### Aim of the task
Every line of the data below should be repeated exactly, and no picture should be copied.

Collected data:
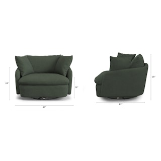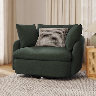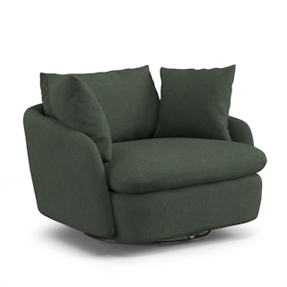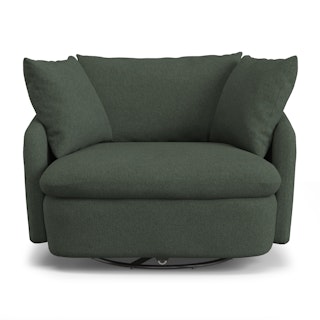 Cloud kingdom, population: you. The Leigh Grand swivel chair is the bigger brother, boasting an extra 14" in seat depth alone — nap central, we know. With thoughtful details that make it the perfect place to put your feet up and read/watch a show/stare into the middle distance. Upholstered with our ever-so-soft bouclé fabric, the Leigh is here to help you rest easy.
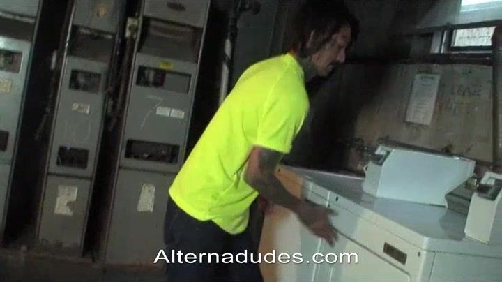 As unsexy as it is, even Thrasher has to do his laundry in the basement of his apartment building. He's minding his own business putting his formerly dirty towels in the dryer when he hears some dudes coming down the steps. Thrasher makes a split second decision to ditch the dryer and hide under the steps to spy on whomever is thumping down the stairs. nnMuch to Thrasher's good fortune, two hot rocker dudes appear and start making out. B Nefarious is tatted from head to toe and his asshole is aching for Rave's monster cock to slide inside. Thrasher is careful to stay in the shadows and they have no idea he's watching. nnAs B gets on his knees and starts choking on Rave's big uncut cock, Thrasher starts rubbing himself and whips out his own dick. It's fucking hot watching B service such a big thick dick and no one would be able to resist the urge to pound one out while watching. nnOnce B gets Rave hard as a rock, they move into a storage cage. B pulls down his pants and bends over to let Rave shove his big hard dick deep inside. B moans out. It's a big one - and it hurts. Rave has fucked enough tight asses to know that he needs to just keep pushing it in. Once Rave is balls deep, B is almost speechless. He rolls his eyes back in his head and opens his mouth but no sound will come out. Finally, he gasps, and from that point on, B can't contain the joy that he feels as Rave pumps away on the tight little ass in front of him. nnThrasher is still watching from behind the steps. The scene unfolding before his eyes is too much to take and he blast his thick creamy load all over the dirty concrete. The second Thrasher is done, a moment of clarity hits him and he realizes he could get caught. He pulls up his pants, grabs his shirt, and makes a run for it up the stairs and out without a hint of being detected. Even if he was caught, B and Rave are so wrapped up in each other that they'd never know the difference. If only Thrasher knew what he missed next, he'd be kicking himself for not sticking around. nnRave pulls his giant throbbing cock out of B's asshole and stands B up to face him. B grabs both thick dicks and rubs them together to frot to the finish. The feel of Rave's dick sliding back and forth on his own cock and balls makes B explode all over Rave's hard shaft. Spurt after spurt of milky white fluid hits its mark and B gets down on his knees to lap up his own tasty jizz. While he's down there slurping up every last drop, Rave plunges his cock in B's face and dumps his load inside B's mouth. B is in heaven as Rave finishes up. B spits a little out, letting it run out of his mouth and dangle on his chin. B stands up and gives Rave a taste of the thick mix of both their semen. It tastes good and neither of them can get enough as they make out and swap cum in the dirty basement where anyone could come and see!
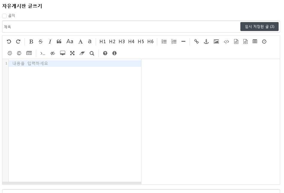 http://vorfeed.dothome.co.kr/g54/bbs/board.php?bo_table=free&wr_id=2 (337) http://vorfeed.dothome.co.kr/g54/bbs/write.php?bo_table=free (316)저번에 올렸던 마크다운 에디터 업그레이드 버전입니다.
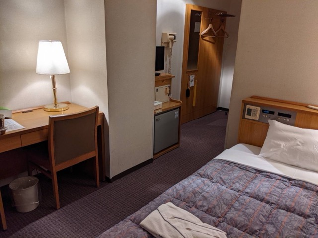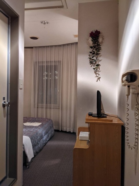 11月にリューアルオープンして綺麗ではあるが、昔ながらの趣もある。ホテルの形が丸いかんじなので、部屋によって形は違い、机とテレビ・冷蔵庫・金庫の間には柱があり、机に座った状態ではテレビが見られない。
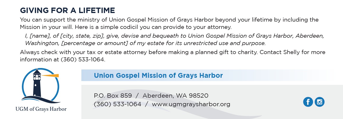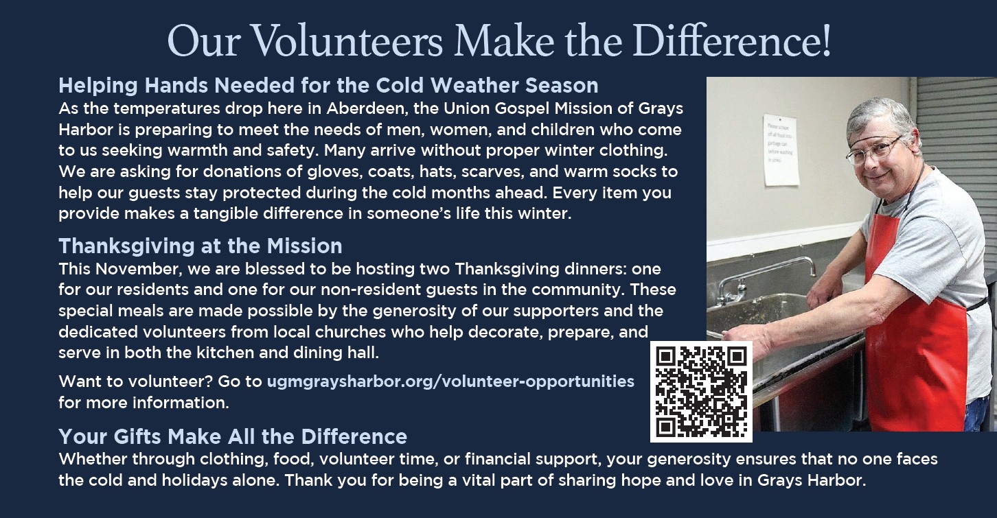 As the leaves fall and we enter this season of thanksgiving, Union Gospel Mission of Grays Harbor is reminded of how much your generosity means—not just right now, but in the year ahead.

### Finished task
 Cloud kingdom, population: you. The Leigh Grand swivel chair is the bigger brother, boasting an extra 14" in seat depth alone — nap central, we know. With thoughtful details that make it the perfect place to put your feet up and read/watch a show/stare into the middle distance. Upholstered with our ever-so-soft bouclé fabric, the Leigh is here to help you rest easy.
 As unsexy as it is, even Thrasher has to do his laundry in the basement of his apartment building. He's minding his own business putting his formerly dirty towels in the dryer when he hears some dudes coming down the steps. Thrasher makes a split second decision to ditch the dryer and hide under the steps to spy on whomever is thumping down the stairs. nnMuch to Thrasher's good fortune, two hot rocker dudes appear and start making out. B Nefarious is tatted from head to toe and his asshole is aching for Rave's monster cock to slide inside. Thrasher is careful to stay in the shadows and they have no idea he's watching. nnAs B gets on his knees and starts choking on Rave's big uncut cock, Thrasher starts rubbing himself and whips out his own dick. It's fucking hot watching B service such a big thick dick and no one would be able to resist the urge to pound one out while watching. nnOnce B gets Rave hard as a rock, they move into a storage cage. B pulls down his pants and bends over to let Rave shove his big hard dick deep inside. B moans out. It's a big one - and it hurts. Rave has fucked enough tight asses to know that he needs to just keep pushing it in. Once Rave is balls deep, B is almost speechless. He rolls his eyes back in his head and opens his mouth but no sound will come out. Finally, he gasps, and from that point on, B can't contain the joy that he feels as Rave pumps away on the tight little ass in front of him. nnThrasher is still watching from behind the steps. The scene unfolding before his eyes is too much to take and he blast his thick creamy load all over the dirty concrete. The second Thrasher is done, a moment of clarity hits him and he realizes he could get caught. He pulls up his pants, grabs his shirt, and makes a run for it up the stairs and out without a hint of being detected. Even if he was caught, B and Rave are so wrapped up in each other that they'd never know the difference. If only Thrasher knew what he missed next, he'd be kicking himself for not sticking around. nnRave pulls his giant throbbing cock out of B's asshole and stands B up to face him. B grabs both thick dicks and rubs them together to frot to the finish. The feel of Rave's dick sliding back and forth on his own cock and balls makes B explode all over Rave's hard shaft. Spurt after spurt of milky white fluid hits its mark and B gets down on his knees to lap up his own tasty jizz. While he's down there slurping up every last drop, Rave plunges his cock in B's face and dumps his load inside B's mouth. B is in heaven as Rave finishes up. B spits a little out, letting it run out of his mouth and dangle on his chin. B stands up and gives Rave a taste of the thick mix of both their semen. It tastes good and neither of them can get enough as they make out and swap cum in the dirty basement where anyone could come and see!
 http://vorfeed.dothome.co.kr/g54/bbs/board.php?bo_table=free&wr_id=2 (337) http://vorfeed.dothome.co.kr/g54/bbs/write.php?bo_table=free (316)저번에 올렸던 마크다운 에디터 업그레이드 버전입니다.
 11月にリューアルオープンして綺麗ではあるが、昔ながらの趣もある。ホテルの形が丸いかんじなので、部屋によって形は違い、机とテレビ・冷蔵庫・金庫の間には柱があり、机に座った状態ではテレビが見られない。
 As the leaves fall and we enter this season of thanksgiving, Union Gospel Mission of Grays Harbor is reminded of how much your generosity means—not just right now, but in the year ahead.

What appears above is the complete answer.